Il 11-09-2017 12:35 Zdenek Kabelac ha scritto:
The first question here is - why do you want to use thin-provisioning ?
Because classic LVM snapshot behavior (slow write speed and linear
performance decrease as snapshot count increases) make them useful for
nightly backups only.
On the other side, the very fast CoW thinp's behavior mean very usable
and frequent snapshots (which are very useful to recover from user
errors).
As thin-provisioning is about 'promising the space you can deliver
later when needed' - it's not about hidden magic to make the space
out-of-nowhere.
I fully agree. In fact, I was asking about how to reserve space to
*protect* critical thin volumes from "liberal" resource use by less
important volumes.
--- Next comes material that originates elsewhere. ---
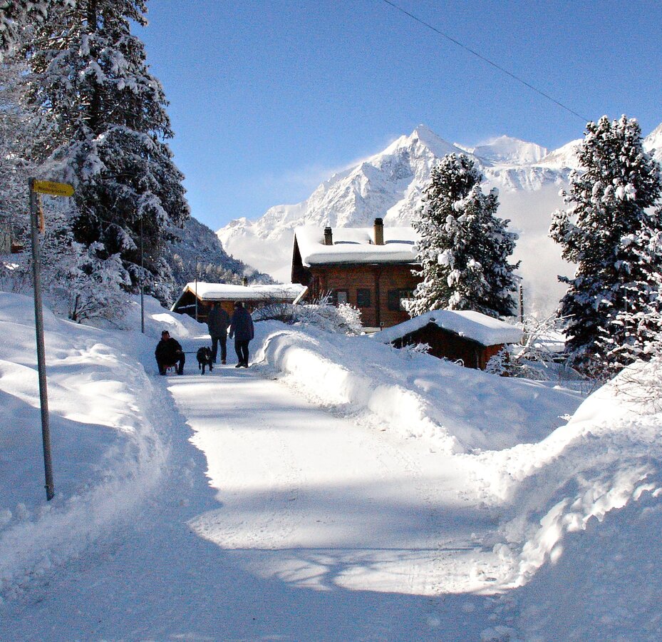 The ascending footpath takes you past the village square at the sports center. Follow the paved road to the lake. Then continue to Alpe Äbnet, cross the ski slope and follow the signs through the winter forest slightly downhill to Riti. Follow the signs to the chapel at Egga and then back to the village of Grächen on the road.

Fully-allocated thin volumes sound very interesting -
even if I think this is a performance optimization rather than a "safety
measure".
The idea of planning to operate thin-pool on 100% fullness boundary is
simply not going to work well - it's not been designed for that
use-case - so if that's been your plan - you will need to seek for
other solution.
(Unless you seek for those 100% provisioned devices)
I do *not* want to run at 100% data usage. Actually, I want to avoid it
entirely by setting a reserved space which cannot be used for things as
snapshot. In other words, I would very like to see a snapshot to fail
rather than its volume becoming unavailable *and* corrupted.
Let me de-tour by using ZFS as an example (don't bash me for doing
that!)
In ZFS words, there are object called ZVOLs - ZFS volumes/block devices,
which can either be "fully-preallocated" or "sparse".
By default, they are "fully-preallocated": their entire nominal space is
reseved and subtracted from the ZPOOL total capacity. Please note that
this does *not* means that space is really allocated on the ZPOOL,
rather that nominal space is accounted against other ZFS dataset/volumes
when creating new object. A filesystem sitting on top of such a ZVOL
will never run out of space; rather, if the remaining capacity is not
enough to guaranteed this constrain, new volume/snapshot creating is
forbidden.
Example:
# 1 GB ZPOOL
[root@blackhole ~]# zpool list
NAME SIZE ALLOC FREE EXPANDSZ FRAG CAP DEDUP HEALTH
ALTROOT
tank 1008M 456K 1008M - 0% 0% 1.00x ONLINE -
# Creating a 600 MB ZVOL (note the different USED vs REFER values)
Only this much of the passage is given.